My primary concern is for a validator. But I do think that definitions 
sufficient for a thorough validator will also enable extraction for use 
by a compiler.

> All an ABNF validator needs to do is make sure that all rules are
> comprised of valid ABNF primitives, or other rules that decompose into
> valid ABNF primitives. ABNF primitives are:
> 1. literals, such as %d13 and %x0D (which, incidentally, are equivalent)
> 2. rules assumed to exist (i.e., RFC 5234 Appendix B)
> 1. rules defined by <>

I disagree. It is also important to check that all references to rules 
are satisfied, and that there are no conflicts between rules.

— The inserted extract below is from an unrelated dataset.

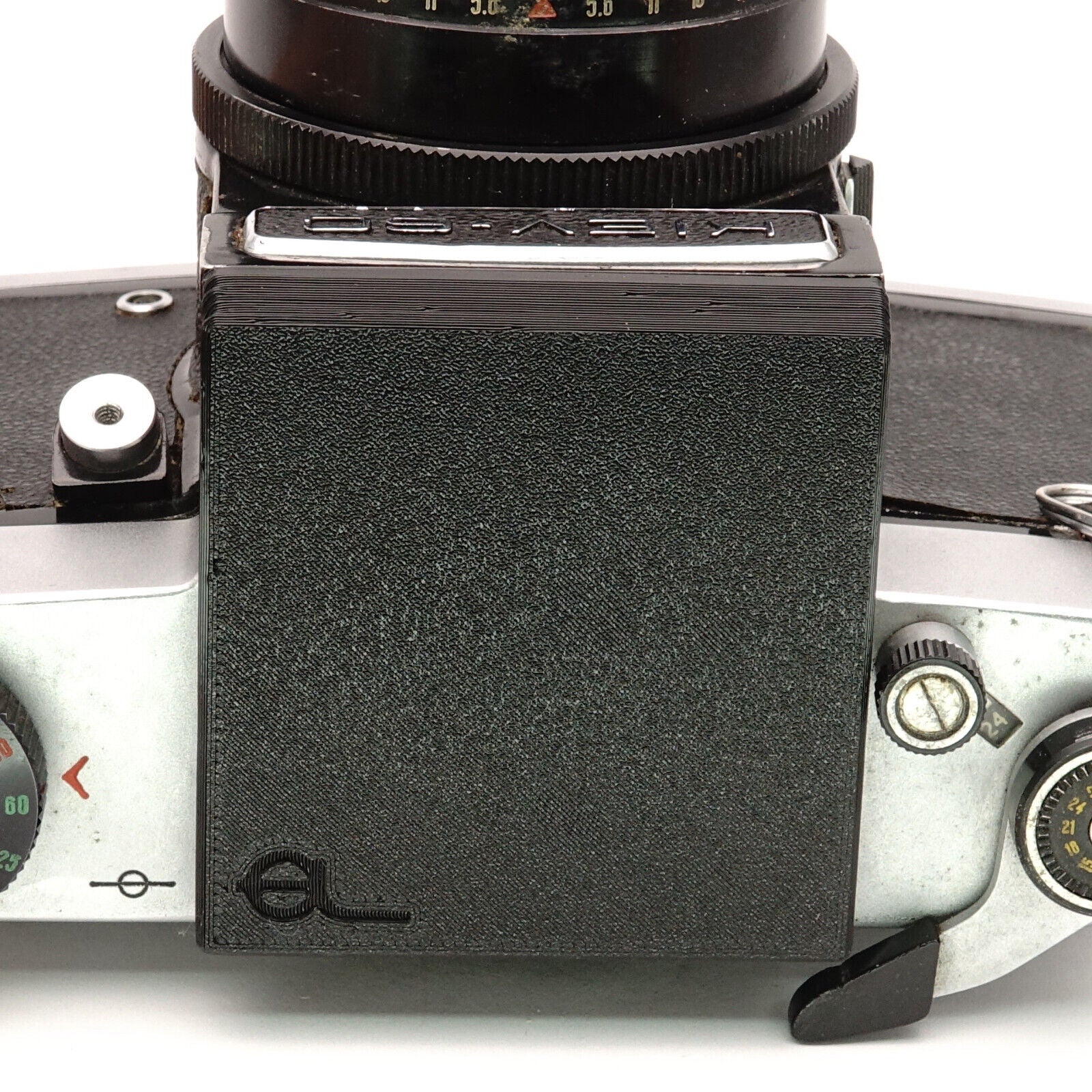 The Kiev 60 and 6C are known for their modular viewfinder system. But as soon as you remove the prism or waist-level finder, the ground glass is unprotected and exposed to environmental influences. This cover was specially designed to cover exactly this area. It fits like a viewfinder and protects the sensitive surface from scratches and dust – ideal for storing or transporting the camera body.

> Such a validator is quite easy to program, and doesn't need to import
> anything from other RFCs.

Again I disagree. As I've noted before, in RAI there is a custom of 
having drafts that extend the ABNF of other drafts. I've used bap to 
verify ABNF numerous times, and I've had to do a lot of manual 
preprocessing and importing/merging to thoroughly verify that all is 
well. That is all error prone, and inclines people to not bother with 
actually doing the verification.

> On 1/27/2015 12:53 PM, Paul Kyzivat wrote:
>> On 1/25/15 3:57 AM, Julian Reschke wrote:
>>> On 2015-01-24 17:59, Sean Leonard wrote:
>>>> On 1/24/2015 8:21 AM, Sean Leonard wrote:
>>>>> First of all there is no such thing as "ABNF modules" yet--only ABNF
>>>>> grammar (combined with specification text). I recognize this
>>>>> conversation is trending to creating them.
>>>>> Providing different definitions of the same rule in the same RFC is
>>>>> reckless
>>>>
>>>> The more I thought about this, the more I would like to propose that
>>>> the
>>>> RFC itself be unit of analysis (i.e., "module").
>>>> ...
>>>
>>>
>>> I agree that it's good to formalize this somewhat, but I'm not convinced
>>> updating/extending RFC 5234 is a good idea.
>>>
>>> For instance, in the HTTP specs we use prose rules with a well-defined
>>> syntax:
>>>
>>> <http://greenbytes.de/tech/webdav/rfc7231.html#imported.abnf>
>>>
>>> This might be enough for automated checkers to do the right thing.
>>
>> I agree that we need to be careful not to extend ABNF too much, making
>> it more difficult. OTOH, the people who use ABNF are not, for the most
>> part, stupid. (Does ABNF need to be understandable to someone who
>> doesn't know at least one real programming language?)
>
> I don't find this relevant to the analysis.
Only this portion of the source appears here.